Isso é afirmado de maneira muito clara na maioria de seus livros e é tido como verdade
inquestionável por seus seguidores: “Conheci os impérios egípcio e romano. Pelas portas da
antiga Roma dos césares, muitas vezes vi Nero sair sentado em sua liteira, carregado nos
ombros de seus escravos” (WEOR 1953, p. 60). Ou ainda: “Yo conoci a Simon el mago em la
antigua Roma, y lo oi predicarndo a sus discípulos” (WEOR 1954, p. 37)
Além disso, Samael se declara dotado de outra capacidade que seguramente causaria
inveja aos historiadores: ele tem acesso a uma dimensão superior do cosmos onde ficam
armazenadas todas as memórias do universo, os “arquivos akáshicos”.

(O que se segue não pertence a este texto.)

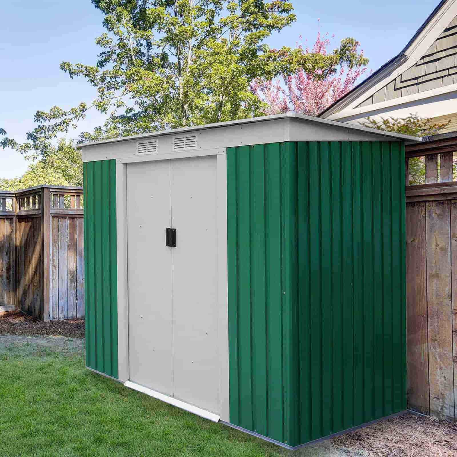 Abrigo de jardim em metal 121x201x176 cm (2,43 m²) Buckingham verde

Samael se refere a Jesus como um mestre gnóstico em suas primeiras obras da década
de 1950; mas a partir do final da década de 1950 e em seus livros posteriores ele passa a
definir Jesus como um essênio, assimilando a teoria que ligava as ruínas de Qumran à
comunidade descrita por Flávio Josefo, hoje seriamente contestada por alguns estudiosos
(ULLMANN-MARGALIT): “(…) y en todos los Grupos Cristianos Primitivos tales como el
Grupo de los Esenios que tenían su convento a orillas del Mar Muerto y uno de cuyos
miembros más exaltados fue JESÚS, EL DIVINO RABÍ DE GALILEA”. (WEOR 1978, p.
125)
Samael também reproduz o equívoco cometido por Hiram Bingham III, o descobridor
das ruinas de Machu Pichu; em seu livro Lost City of the Incas (1948) ele menciona que a
maioria dos cadáveres encontrados no local são de mulheres jovens e sugere uma romântica
hipótese de que Machu Pichu teria sido um refúgio das virgens que oficiavam no templo do
Sol, em Cuzco. Descobriu-se mais tarde que a equipe de Bingham cometeu uma série de erros
ao analisar os esqueletos encontrados no local, sobretudo ao estabelecer idades e gênero. Mas
já era tarde demais, o mito já havia se estabelecido. Samael utiliza o mito das virgens incaicas
como parte de seus argumentos de que todas as civilizações do passado conheciam e
praticavam as técnicas de tantrismo sexual que ele havia aprendido de Krum-Heller:
Poderíamos continuar citando diversos outros exemplos: Samael tira proveito ainda do
debate arqueológico sobre o fim súbito das cidades maias e do enorme interesse que o México
nacionalista vai ter sobre seu passado pré-colombiano; o presidente José Lopez Portillo vai
escrever um livro sobre o mito de Quetzalcoatl que será tema de uma impotante cerimônia de
homenagem presidida por Samael, em 1977, poucos meses antes de sua morte.